One of the concerns about classifying causes of death such as that reported by Taylor and Emery14 is that too much weight can be given to the proximate rather than the root causes of death. The hierarchical system should counter such an effect because the ranking is predefined and explicit. Hence, the method of dealing with disagreement between observers where the highest ranking cause from box 1 is used is to be preferred. This approach, combined with the limited number of categories, helps promote consistency.
Where relevant, we withheld information from panel discussions about avoidable factors in relation to the death from the assessors categorising the cause of death. This was because only a subset of cases was considered by panels. Furthermore, in the CEMACH study, avoidable factors were only determined once for each case. Hence, we could not perform an analysis of agreement in this respect. The question as to how reproducible panel conclusions are is frequently aimed at confidential enquiries. To this end, it is intended to have some cases evaluated by more than one panel in the current CEMACH enquiry into head injury in children. In the accompanying paper, we have referred to studies where avoidability has been generically assigned to diagnostic codes. We avoided this approach primarily because the existing coding systems leave such a large proportion of cases as miscellaneous.

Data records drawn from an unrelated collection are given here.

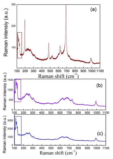It is important to note that the terminal oxygen bonds of Mo=O also appear in the range of 900–1000 cm−1 while the translational Raman bands of α-MoO3 arises below at 130 cm−1 [5,23].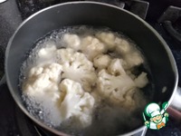 Цветную капусту разобрать на соцветия и отварить до полуготовности. Воду не солить! |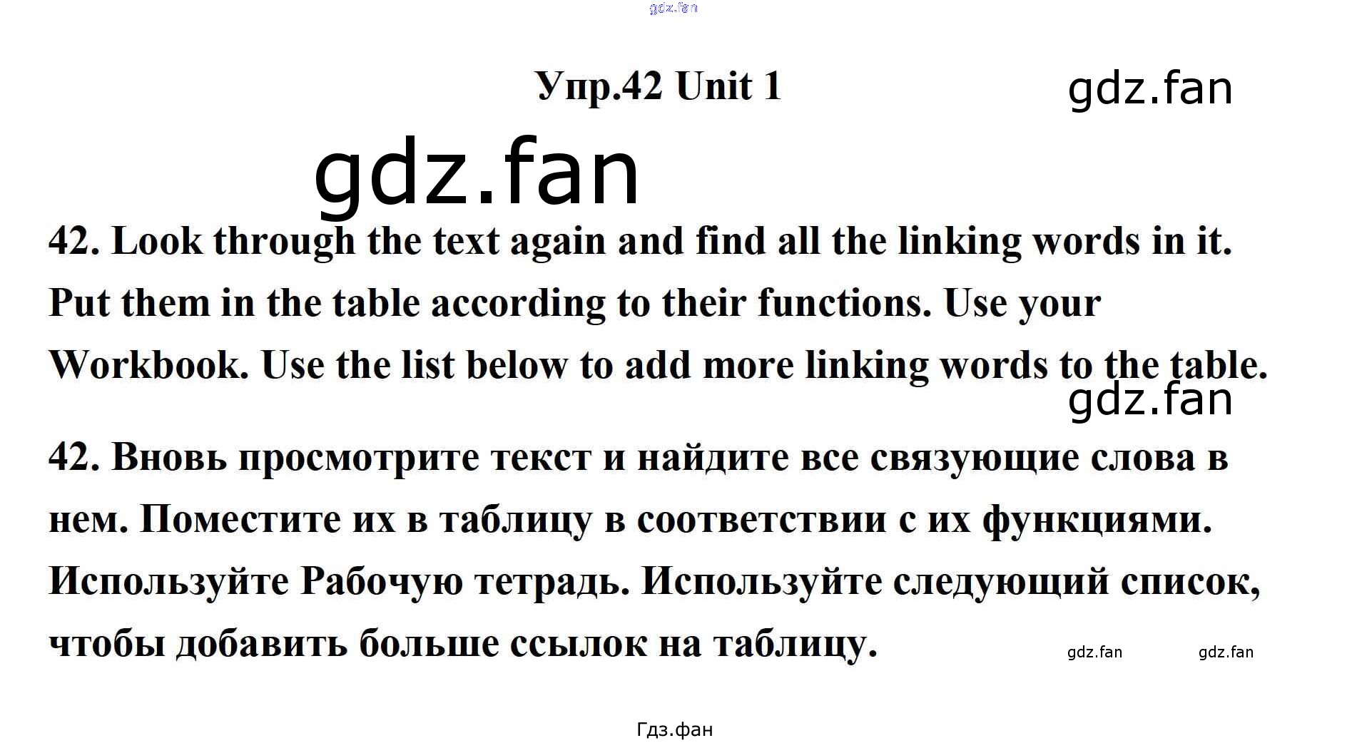 Проверка домашнего задания всегда занимает большое количество времени. На помощь приходит ГДЗ фан по Английскому языку одиннадцатого класса. Здесь собраны популярные ответы на 42 (стр. 19) Английский язык 11 класс Биболетова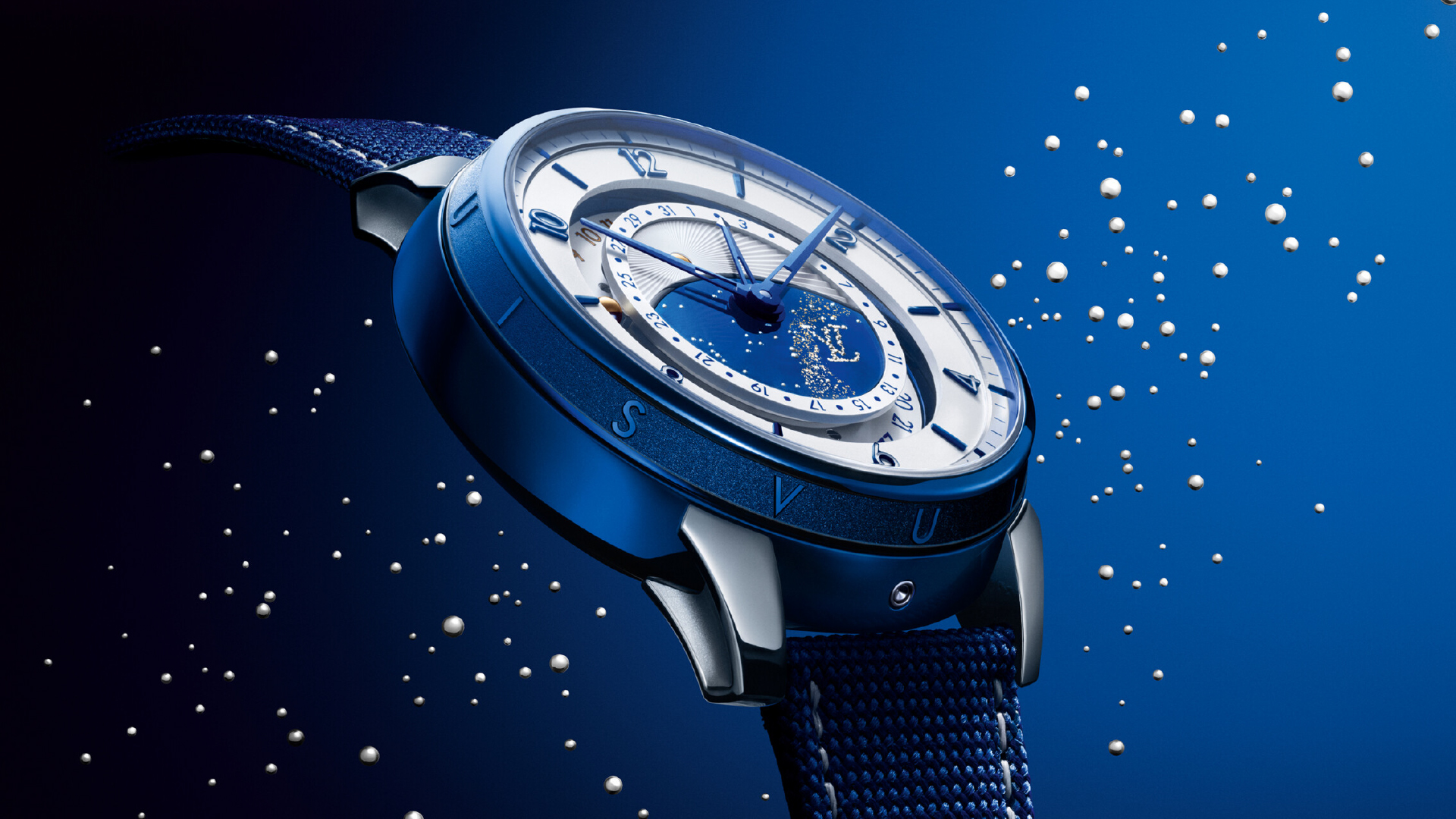 The aquamarine dial plate provides a vivid backdrop for the two chronographs’ displays. The 60-second counters lie at 9 and 3 o’clock, and the 30-minute counters at 11 and 1 o’clock, all indicated by Super-LumiNova-treated hands. Floating above them is the oversized flying balance wheel at 12 o’clock. For this EVO edition, the hours and minutes display is placed on a black sub-dial at 6 o’clock that is subtly tilted towards the wearer, thereby improving legibility.
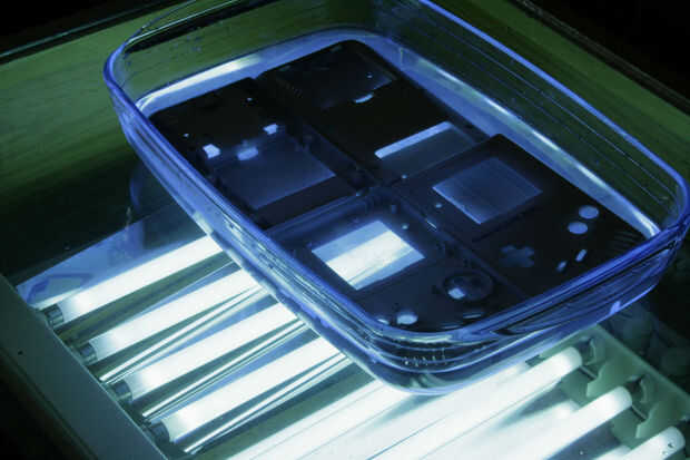 Sucede que tiene una muy buena unidad de exposición UV DIY, que hice hace un tiempo para exponer las plantillas de impresión de la pantalla. Es perfecta ya que permite una amplia exposición a los rayos UV y de una manera muy concentrada. He intentado usando el sol pero era verano y extremadamente caliente afuera, así que estaba preocupado por la fusión de plástico y lo llevó dentro.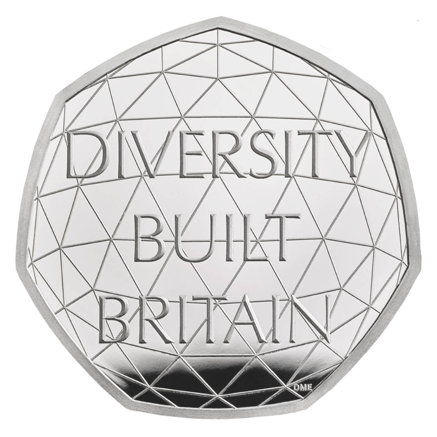 “The background of the coin features a geodome with a series of interconnecting lines and triangles that form a network. Each part is equal, and symbolises a community of connection and strength. The words ‘DIVERSITY BUILT BRITAIN’ talks about the differences between us, and the connection which gives us unity. The design also looks to the future, how we can connect, develop bonds and grow stronger together.”

We considered how the methods in this study could be changed to improve agreement. The discrepancies between coders may in part be explained by insufficient training in the method. Also the fact that the two categories most commonly interchanged were adjacent to each other on the computer's drop down list may be relevant, but the differences do seem more to represent a difference in interpretation of the root cause of death. Furthermore, in some instances, the number of cases in the groups was so similar that their relative positions in a frequency table should really be treated as equal. The differences may become less significant when more cases or more coders are involved. In the future, uniformity in approach might also be increased by formal training in the use of the system or using coders from similar health service backgrounds, especially because nosologists have been reported to achieve higher levels of agreement in an arguably less diverse population.15
This hierarchical method of classifying causes of child death eliminates the problem of generating a large miscellaneous group. The reproducibility of results compares well with that of other coding systems upon their target groups. Agreement within diagnostic categories might be improved by greater training of assessors in the use of the technique.
Marjorie Renwick and John Stickley classified the deaths (twice), as did the first author. Amy Sullivan (data analyst at the Centre for Maternal and Child Enquiries) checked the calculations.
Funding Funding for the national confidential enquiry on which this article is based was provided by the National Patient Safety Agency and by the Department of Health, Social Services and Public Safety of Northern Ireland. The views of the authors are their own and do not necessarily represent those of the funding bodies.
Competing interests None.
Ethics approval This study was conducted with the approval of the NW Multicentre Ethics Committee 05/mre08/51.
Provenance and peer review Not commissioned; externally peer reviewed.